> _WHAT TO DO_
Write down exactly the lines of the records below, beginning with the first and ending with the line that includes "领导班子一行人前往学校集中迎".

Records drawn from a dataset:

>>>

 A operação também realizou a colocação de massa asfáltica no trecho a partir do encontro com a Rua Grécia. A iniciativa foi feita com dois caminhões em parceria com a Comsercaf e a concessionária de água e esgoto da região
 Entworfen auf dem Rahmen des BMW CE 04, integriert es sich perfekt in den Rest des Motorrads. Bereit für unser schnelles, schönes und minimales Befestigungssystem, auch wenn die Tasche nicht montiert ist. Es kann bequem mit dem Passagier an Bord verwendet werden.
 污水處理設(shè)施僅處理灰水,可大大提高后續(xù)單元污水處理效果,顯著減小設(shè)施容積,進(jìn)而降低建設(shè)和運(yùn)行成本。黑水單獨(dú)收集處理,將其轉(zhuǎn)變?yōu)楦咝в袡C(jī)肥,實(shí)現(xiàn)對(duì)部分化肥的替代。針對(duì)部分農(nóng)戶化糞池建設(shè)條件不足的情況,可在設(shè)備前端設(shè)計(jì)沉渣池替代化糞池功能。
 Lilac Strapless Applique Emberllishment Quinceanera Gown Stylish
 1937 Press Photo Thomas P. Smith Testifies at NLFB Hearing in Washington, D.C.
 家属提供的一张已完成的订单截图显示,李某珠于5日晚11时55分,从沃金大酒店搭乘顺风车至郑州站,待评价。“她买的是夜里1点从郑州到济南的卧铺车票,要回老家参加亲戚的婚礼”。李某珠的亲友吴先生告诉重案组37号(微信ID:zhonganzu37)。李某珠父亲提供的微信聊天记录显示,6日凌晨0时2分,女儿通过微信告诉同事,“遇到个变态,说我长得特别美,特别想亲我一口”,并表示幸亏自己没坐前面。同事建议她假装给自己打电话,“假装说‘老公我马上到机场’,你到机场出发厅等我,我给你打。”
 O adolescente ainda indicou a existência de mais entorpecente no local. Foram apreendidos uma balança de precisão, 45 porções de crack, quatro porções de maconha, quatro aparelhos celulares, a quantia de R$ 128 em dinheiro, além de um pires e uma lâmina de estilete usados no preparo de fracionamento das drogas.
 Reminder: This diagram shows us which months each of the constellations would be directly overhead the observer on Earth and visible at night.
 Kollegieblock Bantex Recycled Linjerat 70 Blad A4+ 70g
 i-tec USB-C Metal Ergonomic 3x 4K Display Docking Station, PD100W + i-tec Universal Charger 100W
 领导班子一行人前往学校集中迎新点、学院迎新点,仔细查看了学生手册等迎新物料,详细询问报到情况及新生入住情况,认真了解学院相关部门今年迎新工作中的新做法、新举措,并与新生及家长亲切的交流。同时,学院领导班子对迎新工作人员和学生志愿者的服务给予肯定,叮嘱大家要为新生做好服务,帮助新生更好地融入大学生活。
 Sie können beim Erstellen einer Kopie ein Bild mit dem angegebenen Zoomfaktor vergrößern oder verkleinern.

<<<

> _ANSWER TO THIS TASK_
 A operação também realizou a colocação de massa asfáltica no trecho a partir do encontro com a Rua Grécia. A iniciativa foi feita com dois caminhões em parceria com a Comsercaf e a concessionária de água e esgoto da região
 Entworfen auf dem Rahmen des BMW CE 04, integriert es sich perfekt in den Rest des Motorrads. Bereit für unser schnelles, schönes und minimales Befestigungssystem, auch wenn die Tasche nicht montiert ist. Es kann bequem mit dem Passagier an Bord verwendet werden.
 污水處理設(shè)施僅處理灰水,可大大提高后續(xù)單元污水處理效果,顯著減小設(shè)施容積,進(jìn)而降低建設(shè)和運(yùn)行成本。黑水單獨(dú)收集處理,將其轉(zhuǎn)變?yōu)楦咝в袡C(jī)肥,實(shí)現(xiàn)對(duì)部分化肥的替代。針對(duì)部分農(nóng)戶化糞池建設(shè)條件不足的情況,可在設(shè)備前端設(shè)計(jì)沉渣池替代化糞池功能。
 Lilac Strapless Applique Emberllishment Quinceanera Gown Stylish
 1937 Press Photo Thomas P. Smith Testifies at NLFB Hearing in Washington, D.C.
 家属提供的一张已完成的订单截图显示,李某珠于5日晚11时55分,从沃金大酒店搭乘顺风车至郑州站,待评价。“她买的是夜里1点从郑州到济南的卧铺车票,要回老家参加亲戚的婚礼”。李某珠的亲友吴先生告诉重案组37号(微信ID:zhonganzu37)。李某珠父亲提供的微信聊天记录显示,6日凌晨0时2分,女儿通过微信告诉同事,“遇到个变态,说我长得特别美,特别想亲我一口”,并表示幸亏自己没坐前面。同事建议她假装给自己打电话,“假装说‘老公我马上到机场’,你到机场出发厅等我,我给你打。”
 O adolescente ainda indicou a existência de mais entorpecente no local. Foram apreendidos uma balança de precisão, 45 porções de crack, quatro porções de maconha, quatro aparelhos celulares, a quantia de R$ 128 em dinheiro, além de um pires e uma lâmina de estilete usados no preparo de fracionamento das drogas.
 Reminder: This diagram shows us which months each of the constellations would be directly overhead the observer on Earth and visible at night.
 Kollegieblock Bantex Recycled Linjerat 70 Blad A4+ 70g
 i-tec USB-C Metal Ergonomic 3x 4K Display Docking Station, PD100W + i-tec Universal Charger 100W
 领导班子一行人前往学校集中迎新点、学院迎新点,仔细查看了学生手册等迎新物料,详细询问报到情况及新生入住情况,认真了解学院相关部门今年迎新工作中的新做法、新举措,并与新生及家长亲切的交流。同时,学院领导班子对迎新工作人员和学生志愿者的服务给予肯定,叮嘱大家要为新生做好服务,帮助新生更好地融入大学生活。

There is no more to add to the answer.